Insightful develops and delivers software and solutions for predictive analytics that have enabled thousands of companies to discern the patterns, trends, and relationships hidden in the data they collect. Insightful solutions are used by companies and organizations where analytics are critical to success, including financial services, pharmaceuticals, biotechnology, telecommunications, energy, and manufacturing, as well as research institutions and military and nonmilitary government organizations.
The technology developed by Insightful Corporation (Insightful) under DARPA’s SBIR helps analysts work through documentation more quickly and efficiently than traditional technologies, such as keyword search or simple entity extraction software. The program comprises two distinct parts: (1) a new algorithm for latent semantic analysis, and (2) deep parsing technology for relationship extraction from unstructured information.
Latent semantic analysis is a promising technique with applications to enhanced keyword retrieval and cross-lingual retrieval. A number of government laboratories have built prototypes based on the ’90s-era Bell Labs Latent Semantic Indexing (LSI) algorithm. Insightful’s development of a new algorithm, labeled Latent Semantic Regression (LSR), is scalable to large data sets and forms the basis of the company’s InFact® product line. InFact® is a production quality, end-toend deployable software system that performs relationship extraction, text mining, and search.
According to Giovanni Marchisio, Vice President of Engineering-Text Analysis, LSR represents a major step forward for the company. “The creative leap involved a deep understanding of computational techniques. We realized that the LSI algorithm, which everyone else uses to perform latent semantic analysis, is only a special solution of a more general computational problem. Our prototype replaced the core algorithm for LSI with the best of many computational alternatives that are available to solve the more general problem, resulting in a substantial increase in scalability and in an improvement in speed of several orders of magnitude.”

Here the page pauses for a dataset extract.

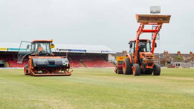 Following the 2018-2019 football season we renovated and adjusted the levels on one of the goal mouths at Grimsby Town FC. The existing surface was stripped with an excavator. Laser guided equipment was fitted and our skilful shaper relevelled the existing soil. We then spread sports sand and aerated the goal mouth. Finally, we hand raked the area and seeded. During the project we also disc seeded the main pitch.

The deep parsing effort initiated under DARPA’s SBIR program produced the first prototype of a search engine that can understand and retrieve relationships facts and trends. Intelligence analysts and pharmaceutical researchers have requirements for search functionality that goes well beyond simple keyword search and involves an understanding of relationships and facts.

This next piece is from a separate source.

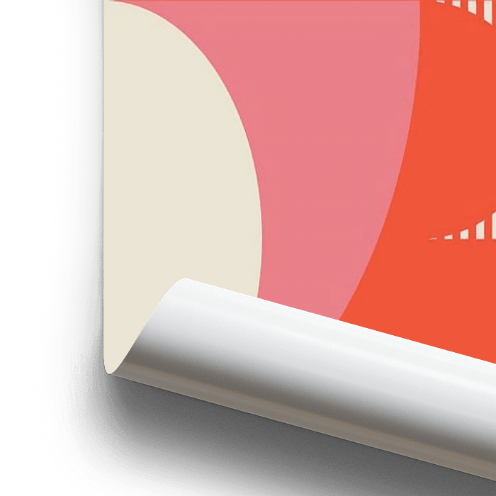 Achetez cette œuvre d'art Art déco Dessin géométrique rétro avec cercles et rayures en orange et rose par Dina Dankers sur toile, aluminium, ArtFrame ou photographie (encadrée), impression d'art en haute qualité et tout format.

InFact® understands far more than keyword searches—it understands facts and actions. In a search for ‘blackhawk,’ a type of military helicopter, InFact® generates an aggregated list of all combat situations where the Blackhawk helicopter was deployed in the recent past, including all locations and military units that employ it, along with information about acquisition and maintenance costs and much more.
Insightful’s technology is finding its way into a number of military applications, including use as an advanced search engine and as an information extraction tool. In information extraction, InFact® can process millions of heterogeneous document sources and automatically populate databases with information it has understood and extracted across all documents it has read.
The company currently has a contract for information extraction with the U.S. Army Corps of Engineers. The effort focuses on automating the labor-intensive process of tagging geographic information in text files, interactively editing the tagged files, and displaying the tagged text and associated map. The U.S. Army estimates that 80 percent of its data contains spatial reference information in the form of addresses, place names, or coordinates. In order to support spatial analysis of text sources, our approach requires structured text files with place name tags containing or referencing coordinate information. While tools exist for automatically identifying place names in text, our efforts are focused on significantly improving current capabilities within an end-to-end system. By reliably automating these processes, InFact® has the potential to save the Corps of Engineers and other government agencies millions of dollars per year.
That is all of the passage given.